Sunday, July 28, 2013

5 Questions with Kealan Patrick Burke

I first heard of Kealan Patrick Burke when his novella The Turtle Boy was released. Not only was it an intriguing title, but it also won a Bram Stoker Award! Kealan not only writes, he also acts, designs book covers, and...well, just check out his bio. Anyway, much thanks to Kealan for answering my five questions!

1 – What’s your latest book about?

The current work-in-progress is provisionally titled The Place Beyond Winter, and it's a standalone sequel to my novel Kin. Here's a synopsis: After an atrocity in the backwoods of Alabama ten years ago, former private detective Charles "Beau" Beaumont is still haunted by nightmares and addictions that have slowly but inexorably unraveled what's left of his life. Trapped in a downward spiral, he is unprepared for the news that Claire Lambert, the girl he helped save from a vicious family of killers all those years ago, has gone missing again. Hired by her sister to find her, he discovers that Claire, herself struggling to mend her life, uncovered the truth they have kept from her all these years: one of the men responsible for her ordeal survived. Driven by the belief that exterminating the last of the Merrill Clan will set her life back on its axis, Claire has embarked upon one last journey of vengeance. It falls upon Beau to find her before it's too late. Meanwhile, Luke Merrill, the object of Claire's vengeance, has renounced the murderous ways instilled in him by his religious zealot father, and has dedicated himself to starting anew. Unaware of the forces bearing down upon him, Luke soon finds that the potential for violence can never be buried deep enough when he falls for a woman being terrorized by her meth-dealing husband, and must struggle not to lose himself in the cyclone of fury that builds both in his new home, and abroad.

2 – Who’s your favorite author and/or what’s your favorite book?

That's always a tough question. If I had to pick only one, I'd probably say Stephen King, purely by virtue of the amount of his work that I have read and been influenced by over the years. John Connolly, Cormac McCarthy, and Larry McMurtry would follow on that list. My favorite book (thus far) is Larry McMurtry's Lonesome Dove.

3 – What’s your favorite aspect of writing?

That moment in which the story takes over and you feel as if you're merely along for the ride, as if you're channeling something that exists independently of you, and you've just managed to tap the vein for a while. It's a euphoric feeling. And, typing THE END, of course, particularly when you just know in your bones that the book works.

4 – Any good anecdotes about being a writer?

Writers ARE anecdotes. You have to read the books for the full story.

5 – What was the most helpful writing advice you’ve ever received?

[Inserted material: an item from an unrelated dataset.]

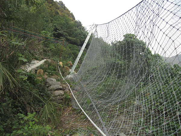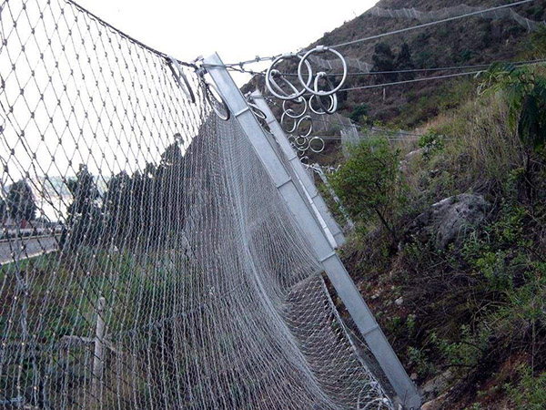 被动边坡防护网:被动防护系统是由钢丝绳网,钢丝格删网.锚杆,工字钢柱,上下拉锚绳,减压环,底座及上下支撑绳等部件构成.系统由钢柱和钢绳网联结组合构成一个整体,对所防护的区域形成面防护,从而阻止崩塌岩石土体的下坠,起到边坡防护的作用. SNS被动防护系统的特点在于:系统的柔韧性和栏截强度足以分散传递预计的落石冲计冲击动能,减压环的设计和采用使系统的抗冲击能力得到进一步提高.与钢性拦截与砌浆挡墙相比:该变了原有施工工艺,使工期和资金得到减少.

David Morrell's contention that writing can be UN-learned scared the hell out of me. The idea that if left dormant long enough, your abilities might corrode and wither away was a terrifying concept, and one of which I had been blissfully unfamiliar to that point. It motivated me to at least try to write as much as possible, whenever possible, no matter what the obstacles out of fear that one day I'd wake and find my abilities to write had abandoned me. I'm sure many of the folks who've answered this have already cited Joe Lansdale's "Put ass in chair; write" quote, but that should tell you how important a piece of advice it is. Everything else is redundant unless you sit down and write. Talk is just that: talk, and you're either talking about being a writer, or being a writer. Big difference. These days I seem to be seeing more of the former than the latter.